Note: This article appears in the Oil and Gas Journal, online version:

http://ogj.pennnet.c...TICLE_ID=216078


ODAC: World oil supplies likely to remain tight through 2010

By OGJ editors

HOUSTON, Nov. 17 -- Unless demand plummets, world oil supplies are nearly certain to remain tight through the rest of this decade, according to a study by the Oil Depletion Analysis Centre in London.

The study found that 68 oil-recovery "megaprojects" with announced start-up dates through 2010 would add 12.5 million b/d of crude supply by the turn of the decade. But that is unlikely to be enough to meet the world's growing needs, said ODAC officials.

"This new production would almost certainly not be sufficient to offset diminishing supplies from existing sources and still meet growing global demand," said Chris Skrebowski, ODAC board member.

Most of the estimated new supply would simply replace natural depletion of current production. A modest 1% annual increase in world demand for crude over the next 6 years would leave little or no surplus capacity to cushion against unforeseen supply disruptions, the ODAC study concluded.

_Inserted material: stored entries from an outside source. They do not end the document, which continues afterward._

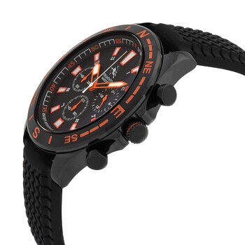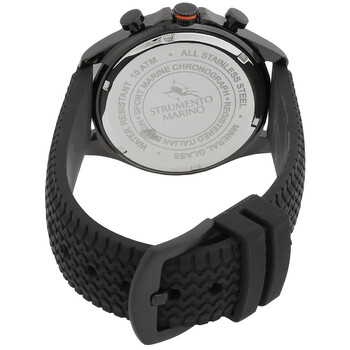 Black stainless steel case with a black silicone strap. Fixed black stainless steel bezel. Black dial with orange hands and index hour markers. Minute markers around the outer rim. Dial Type: Analog. Luminescent hands and markers. Chronograph - three sub-dials displaying: 60 second, 60 minute and 24 hour. Quartz movement. Scratch resistant mineral crystal. Solid case back. Round case shape, case size: 45 mm. Buckle clasp. Water resistant at 100 meters / 330 feet. Functions: chronograph, hour, minute, second. Sport Marine Chronograph Silicon Series. Sport watch style. Strumento Marino SPORT MARINE CHRONOGRAPH SILICON Quartz Black Dial Men's Watch SM123S/BK/NR/AR.
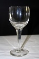 Text available in Danish: Aage, Rød/hvidvin, højde 15-15,5 cm. Holmegaard glasværk 1917-50. Facet slebet stilk og op til første del af kummen. Der er aldersrelateret brugsslid på glassene. Pris: 125 kr. stk. Lager: 3
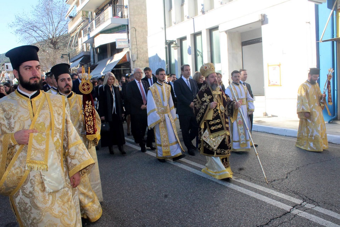 Με λαμπρότητα και με τις πρέπουσες τιμές, μετά το πέρας της Θείας Λειτουργίας, όπου χοροστάτησε ο Σεβασμιώτατος Μητροπολίτης Αιτωλίας & Ακαρνανίας, κ. Δαμασκηνός, πραγματοποιήθηκε σήμερα Κυριακή 18 Ιανουαρίου, στην Αμφιλοχία, η Λιτάνευση της Ιεράς Εικόνας του πολιούχου Αγίου Αθανασίου στους δρόμους της πόλης.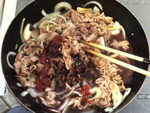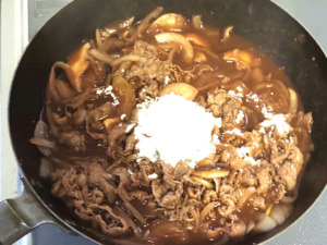 ![]() ③牛こま肉をフライパンに加え、肉が軽く白くなるまで炒めます。 |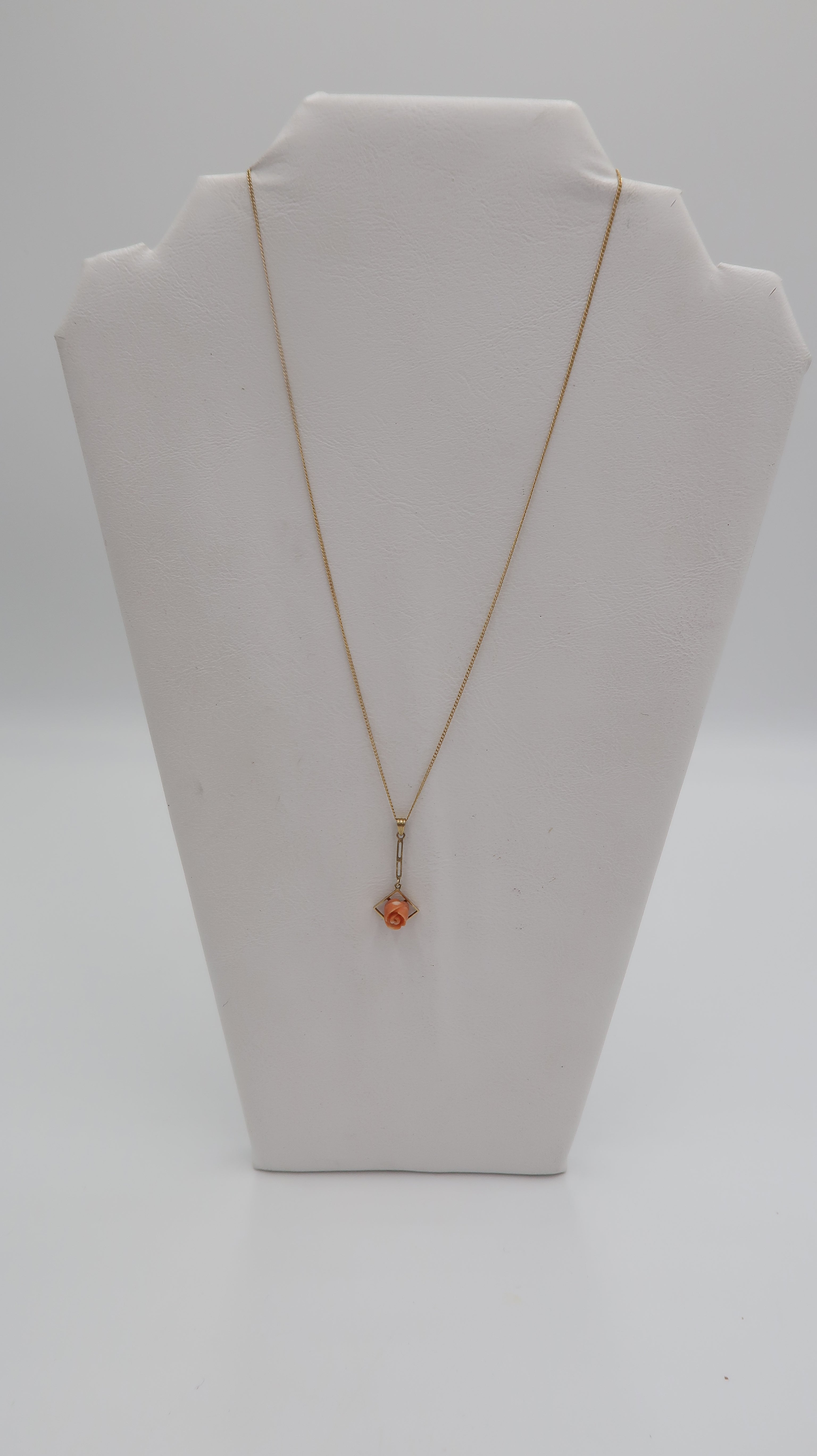 t541 18" Gold Filled Chain with 10k Coral Pendant Necklace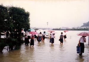 ※台風の影響で学校周辺が大雨のため腰の辺りまでの大水になっていて、その中を登下校している写真が残されていました。たぶん昭和60年の頃かなと思うのですが、その大水の中、登下校した記憶のお持ちの方、探しております。同窓会までEメールを下さい。 |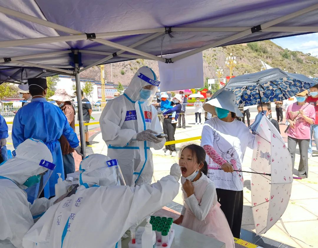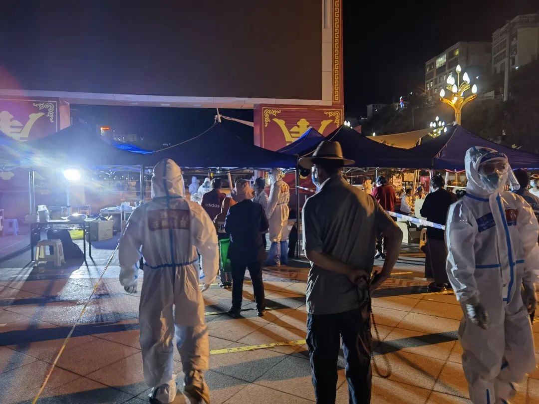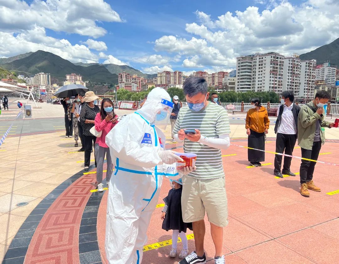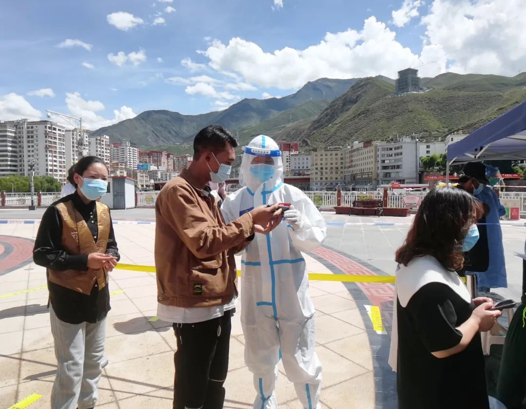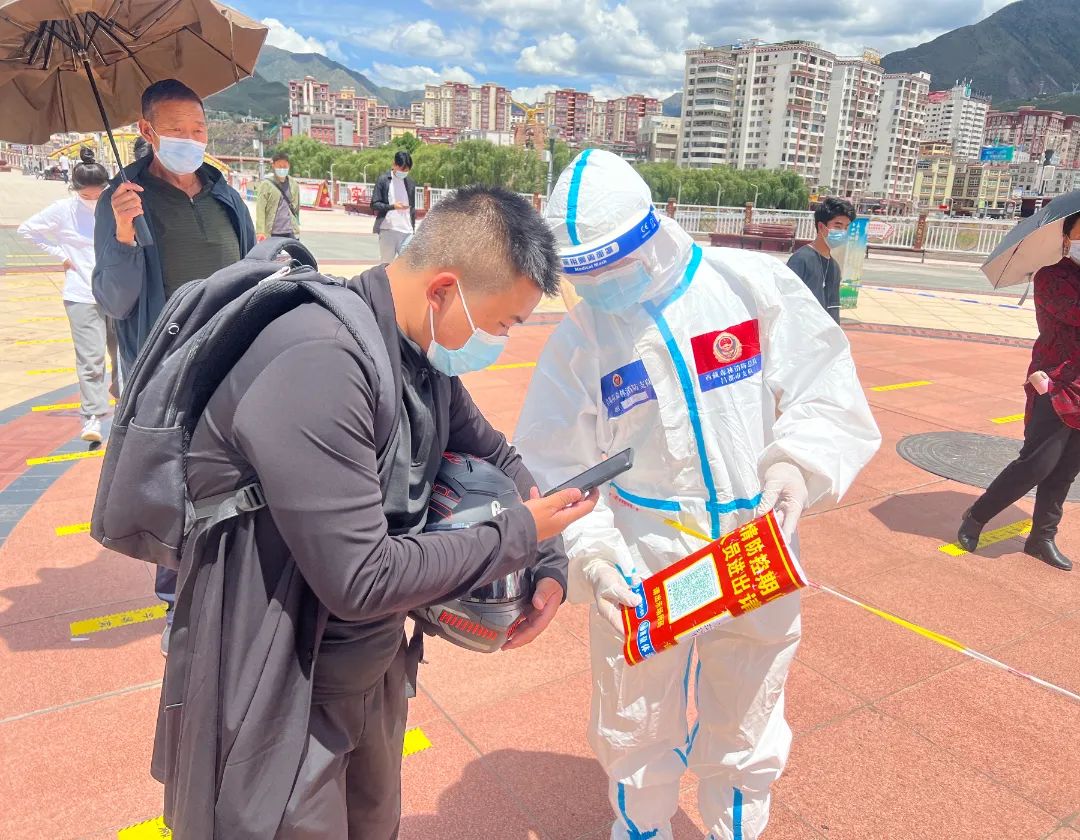 “为了您的安全,请保持1米以上间隔,谢谢。”晚上9点多,在茶马广场,支队三级消防士张兴梁,依然坚守在抗疫一线,维持着排队做核酸的长队。从早上7点开始,张兴梁和其他消防队员已坚守了14个多小时。“西藏昼夜温差特大,白天防护服里面衣服都湿透了,但是到晚上这个点已经干了,正好不用换衣服了。”张兴梁打趣的说到。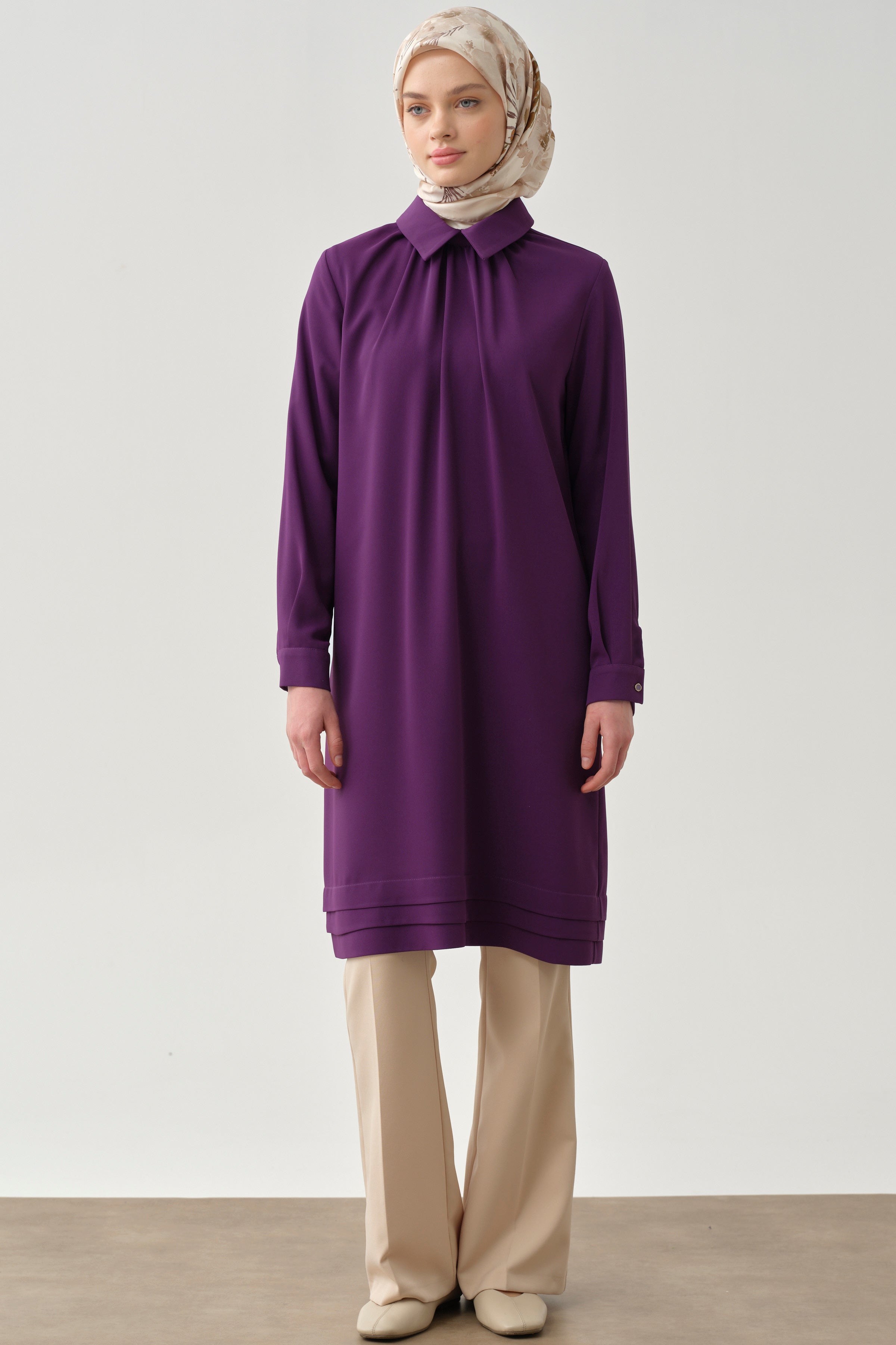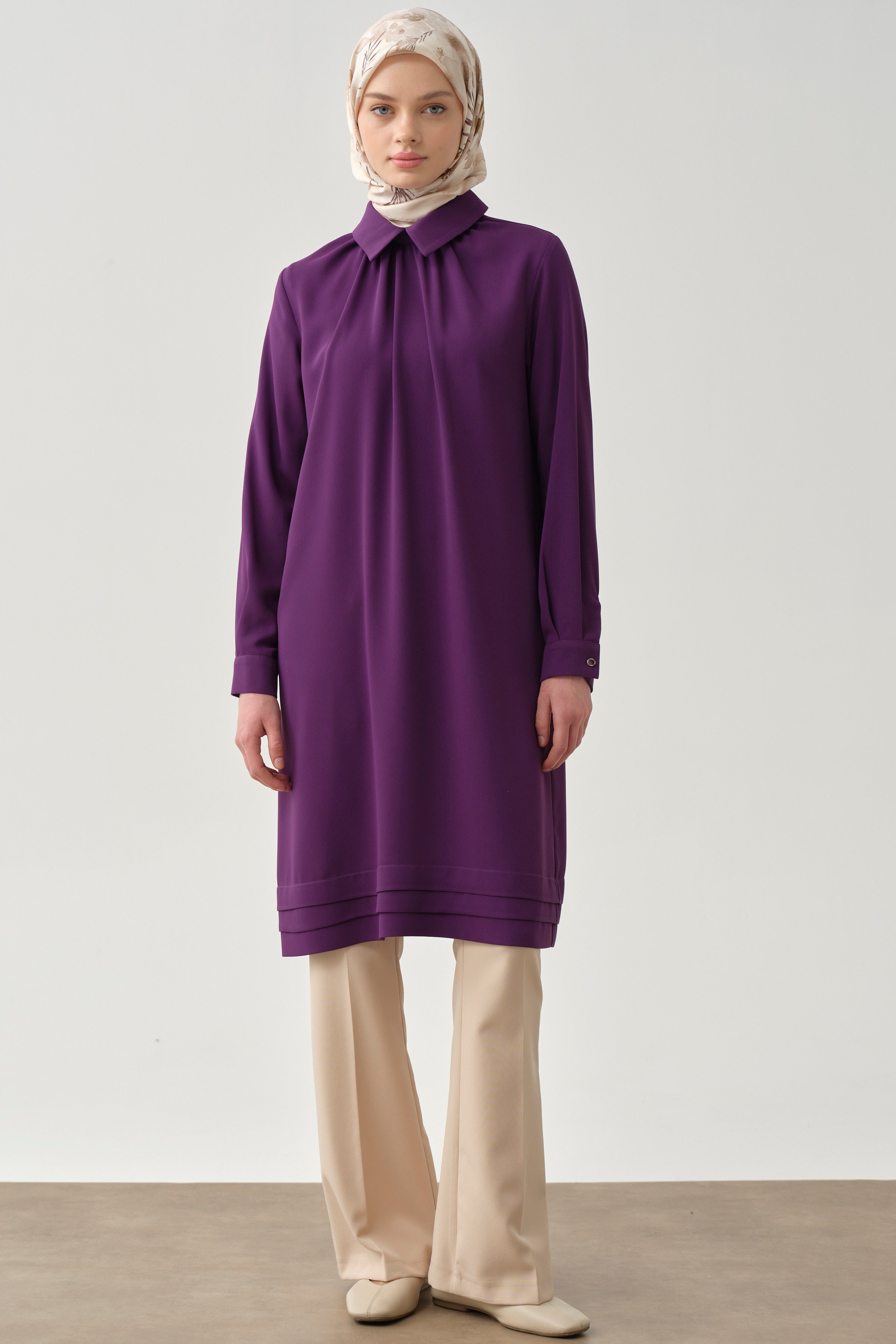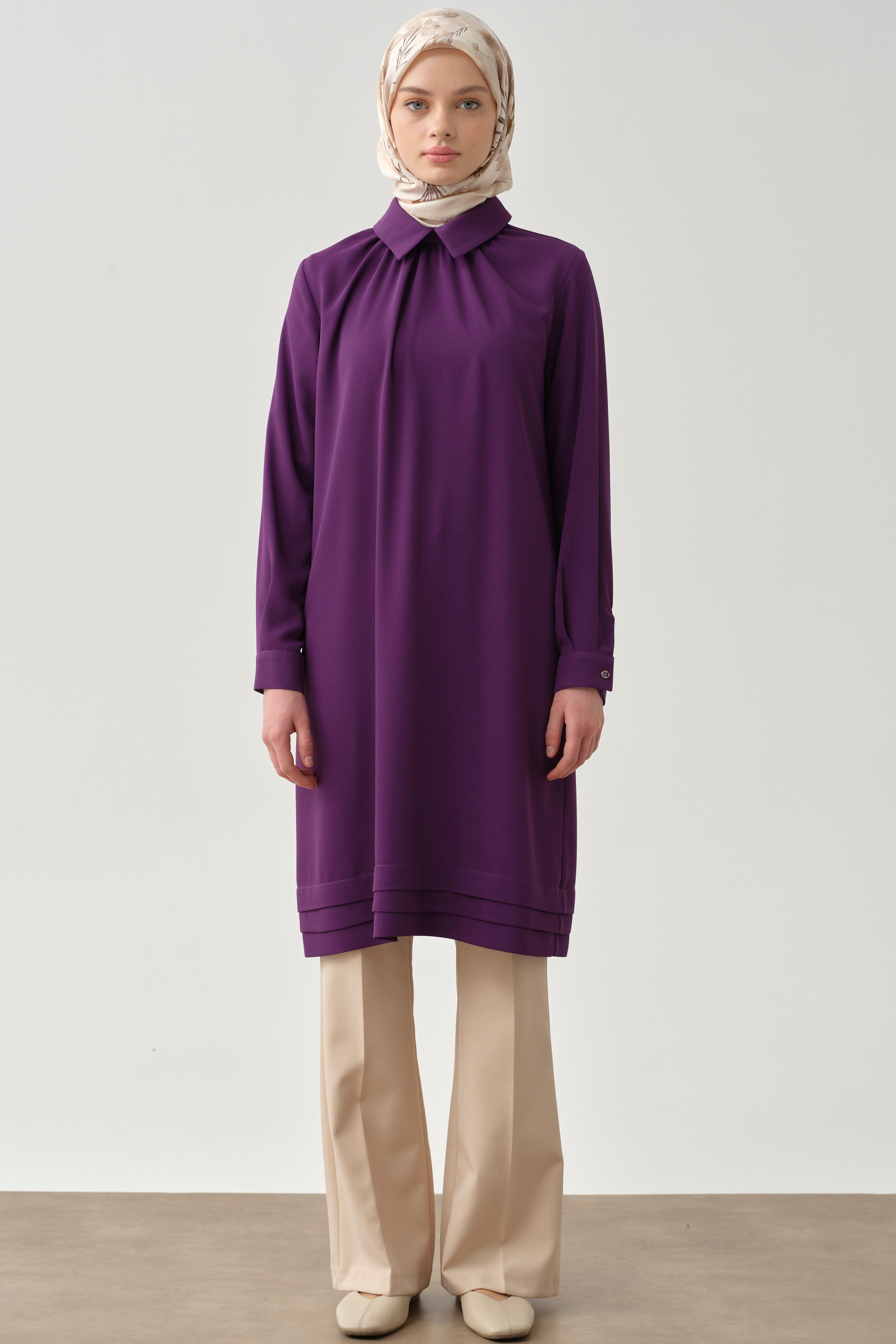 Gathered Neck Tunic with Details - Purple

If demand increased by 2%/year, available supplies would fall short of the total projected to be needed in 2010 by more than 2 million b/d—"roughly equivalent to losing all of Kuwait's current daily production," ODAC officials said.

"With most producers operating flat out to meet runaway demand increases this year, the world's immediately available spare production capacity has virtually disappeared. This means that significant additional supplies in the near-to-medium term must come from new projects already in the development pipeline," said Skrebowski.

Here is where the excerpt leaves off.